Not all objects are exhaustively annotated (severely occluded or truncated instances are excluded), making the pipeline unsuitable for evaluating end-to-end detectors.
All fine-tuned models exhibit performance degradation on Omni3D base categories (catastrophic forgetting).
Metric depth still relies on model predictions (rather than ground truth), which may introduce systematic bias.

Automatic 3D annotation: OVM3D-Det employs LLM size priors, whereas LabelAny3D uses 3D reconstruction, yielding greater robustness to intra-class variation.
Model-in-the-loop annotation: conceptually related to Stereo4D and Cap3D, but LabelAny3D focuses specifically on monocular 3D bounding box annotation.
Open-vocabulary 3D detection: OVMono3D, DetAny3D, and similar methods are limited by training data diversity; LabelAny3D addresses this from the data perspective.

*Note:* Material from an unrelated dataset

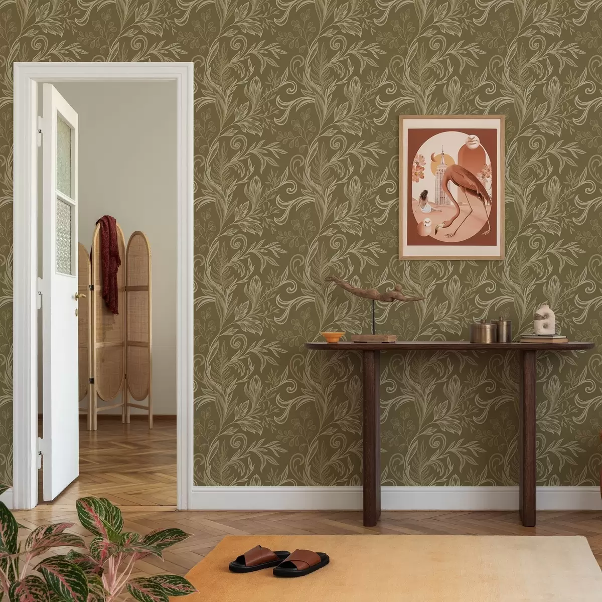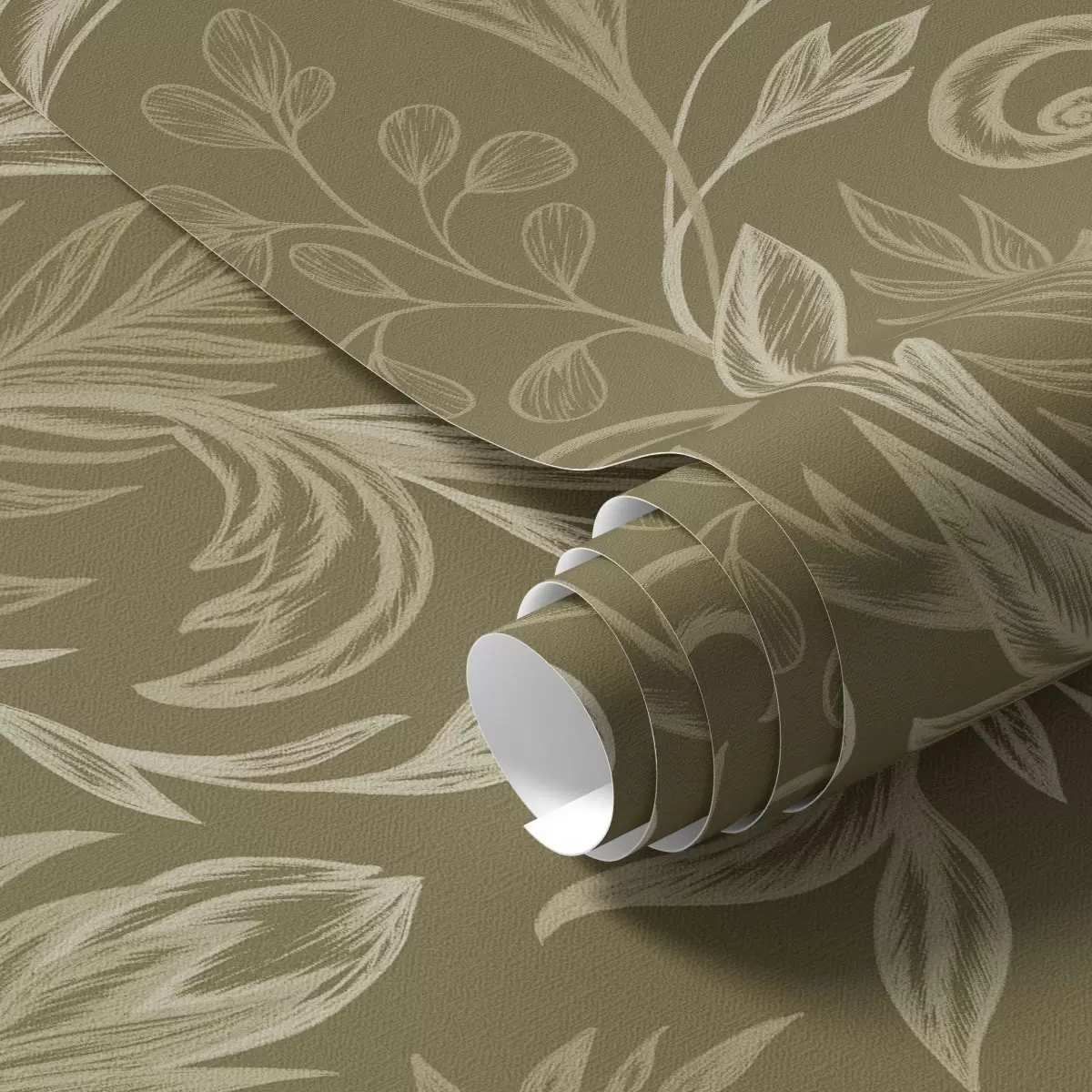 Papel pintado Hojas rizadas de color caqui cálido con ligeros toques crema. Nr. a00935v4

Insight: compositional orchestration of foundation models is a viable path for scaling annotation, and the approach can be extended to tasks such as 6D pose estimation and scene completion.

Rating¶

Novelty: ⭐⭐⭐⭐ — Analysis-by-synthesis paradigm with multi-foundation-model pipeline; the approach is conceptually clear and effective.

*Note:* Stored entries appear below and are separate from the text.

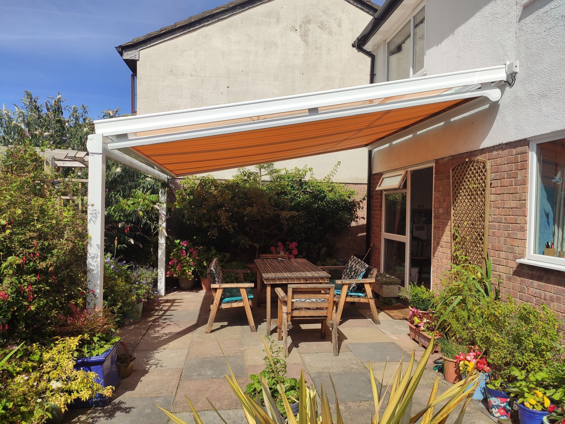 4.5m wide x 4.4m projection with Sottezza awning mounted underneath to provide shade.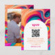 Groovy Retro Orange Pink funky QR code RSVP Card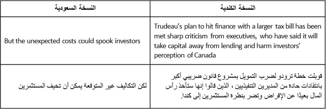2. ففي المقالة الكندية، تحدثت الصحيفة عن نية الحكومة الكندية فرض ضرائب إضافية على القطاع البنكي وفي المقالة السعودية عن نية الحكومة السعودية فرض ضرائب على شركات التقنية. سنورد النص الإنجليزي ونترجمه وسنذكر في التعليق مدى التحيز.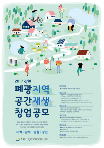 ◇ 강원센터, 공간재생 창업공모전 개최=강원창조경제혁신센터가 다음달 17일까지 ‘2017 강원 폐광지역 공간재생 창업공모’에 참여할 참가자를 모집한다. 태백, 삼척, 영월, 정선 4개 시·군 폐광지역의 유휴공간을 활용한 창업 지원으로 폐광지역 내 창업 분위기를 조성하고 지속 가능한 지역 재생사업을 추진하는 게 이번 공모 사업의 목표다. 강원센터는 선발된 팀에게 공간조성비 최대 5천만 원과 전문가 컨설팅, 홍보·마케팅 등을 지원할 예정이며 지역 유산 및 생활문화 기반 비즈니스 모델의 사업화를 지원하는 지역혁신가 사업 대상으로 추천할 예정이다. 이번 사업은 폐광지역의 방치된 폐가나 빈 상가, 공터, 노후시설 등 유휴공간을 활용해 창업하려는 자를 대상으로 하며 주민등록상 폐광지역 거주자이거나 폐광지역 거주민이 1인 이상 포함된 팀이면 누구나 신청이 가능하다. 공모에 참가를 희망하는 사람은 9월 17일까지 강원센터 홈페이지를 통해 신청할 수 있다.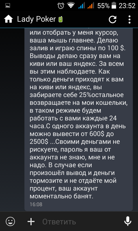 >>37799 Пилю прохладу. Думаю будет полезна. Меня так знакомые затянули в эту хуйню. Предложили им какой-то поц с форума схему. У него бот, который обыгрывает старсы в Блекджек. Обыгрывает так жестко что лимиты на кешаут не дают с его акка все выводить. Вот и нужны ему новые. Ну я на тот момент уже полгода как не играл и решил что забанить акк за 200$ обещанных самое то будет напоследок. Понимал что все не так чисто, но обыграть казино ведь святое дело! В итоге оказалось это самый обычный кардинг и способ отмыва пизженных денег. Пацан сидит с вашего компа под ТимВьивером и для начала крутит спины, а потом пиздует в блекджек. Короче в конце концов на меня старсы повесили долг в 1000$ баксов и на моих знакомых также. Людям пизженное вернули за свой счет, а мне прислали мыло с просьбой указать виновного в этом всем, которое я благополучно заигнорил. Хорошо что акк был не верифицирован. Ничего я не вывел лол потому что этот хуй ничего не выиграл, а депал он с карт Австралии, Эстонии и еще других стран. Надеюсь никаких кар анальной жёппы за этим не последует. Кроме как пожизненного блока моего ака на старсах.

Experimental Thoroughness: ⭐⭐⭐⭐ — COCO3D benchmark, annotation quality evaluation, downstream detection experiments, and comprehensive ablation studies.
Writing Quality: ⭐⭐⭐⭐ — Well-structured presentation with detailed pipeline description.
Value: ⭐⭐⭐⭐⭐ — Fills a critical gap in in-the-wild 3D annotation and evaluation; highly practical.